December’s inflation report showed a modest slowdown, but the big problem is it excludes basic expenses like food and energy that hit families the hardest.
Key Facts:
• The core consumer price index (CPI), which excludes food and energy, rose just 0.2% in December, marking its first dip in six months.
• The headline CPI, including all costs, climbed 0.4%, with more than 40% of that increase coming from energy.
• Cheaper hotel rooms, smaller jumps in medical care services, and restrained rent growth helped lower the core figure.

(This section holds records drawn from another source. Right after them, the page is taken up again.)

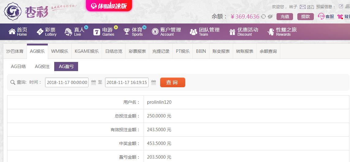 [|赢单奖励] 11月17杏彩ag平台投注赢203 |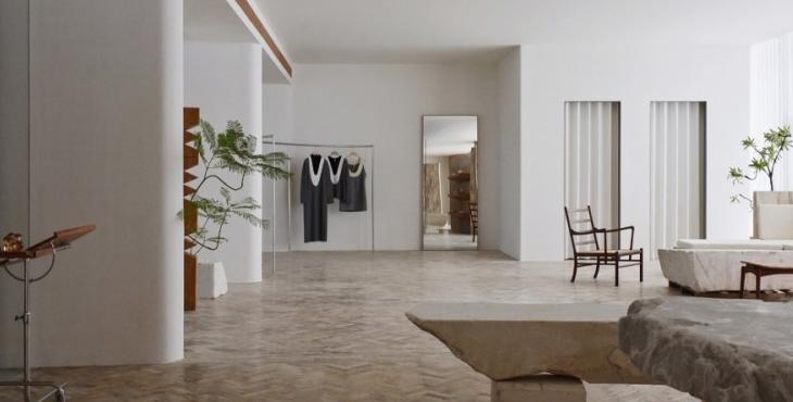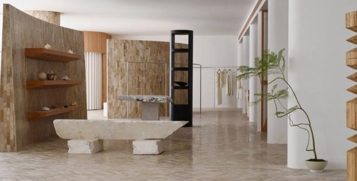 在材料上,鑲嵌在地面的來自海洋的貝類、直接從石場拉來的石方、北美松木清新的香氣,呼應著這個塑造“自然的形狀”的服裝品牌的質地。這些設置有利于有效率的工作和放松下來兩種狀態并存。我們希望它既能為工作提供便利性,但當你放松下來,這個辦公室又是一個令人感到舒服的地方。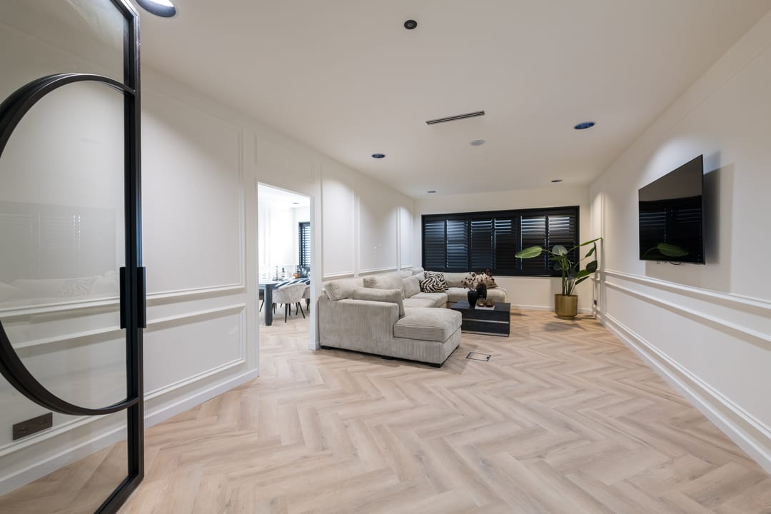 - PVC vloerbedekking in visgraatmotief;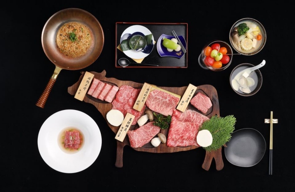 店內以普魯士藍為底調,搭配金屬邊框裝飾、銅燈點綴,以沈穩內斂、低調奢華的裝潢風格貫穿整間餐廳,顛覆大家對燒肉店的既定印象。肉品採「一頭牛」方式進口,嚴選 A5 等級的日本近江和牛,是與松阪牛、神戶牛齊名的日本三大和種和牛之一,由專業職人依據部位的不同,順應其油花、筋路、纖維、肉味等自然條件,巧手變化出 8 種最適合且兼具經典與創新風味的料理主題,融合日式、歐式以及台灣特有的食材元素,搭配當季時蔬、空運海味,提供能讓饕客眼睛為之一亮的風味佳餚。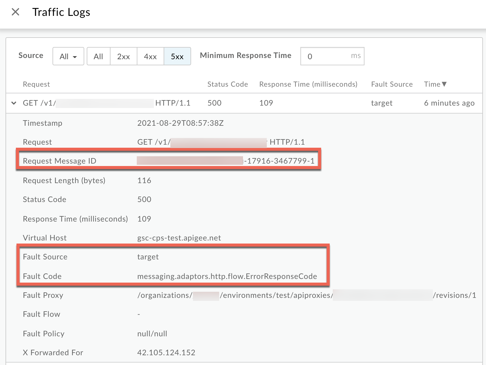 - دوِّن قيم X-Apigee-fault-code وX-Apigee-fault-code، وX-Apigee-Message-ID:

• Under President Joe Biden, consumer prices rose a combined 20%, and economists believe incoming President Donald Trump’s tariffs may drive inflation higher.
• Most analysts still predict the Federal Reserve will leave interest rates unchanged this month, with some suggesting a cut could happen as early as March.
The Rest of The Story:
Although core inflation came in lower than expected, critics point out that focusing on a number without food and energy hides the true costs faced by everyday Americans.
Many families continue to feel pressure from grocery bills and fuel expenses, which do not factor into the core measure.
So regardless of the hype inflation has not eased as we can see every time we step into a grocery store.
The bond market welcomed the softer reading, but Federal Reserve officials remain cautious.
They prefer to see a series of weaker inflation reports, especially given ongoing worries about wage growth and a strong labor market.
The Fed’s next meeting is set for later this month, with more attention now shifting to what Trump’s policies might bring.
Commentary:
Despite a slightly lower core figure, inflation is still a concern.
The immediate likelihood is that the Fed will keep rates unchanged, watching for longer-term inflation trends rather than pivoting on one month’s data.
Looking ahead, investors want to see if Trump’s actions on tariffs and global trade might lift prices further.
The Bottom Line:
While December’s core CPI may look calmer, ignoring food and energy can paint a misleading picture for households.
The Fed seems set to hold rates steady, with an eye on how the new administration’s plans could affect everyday costs.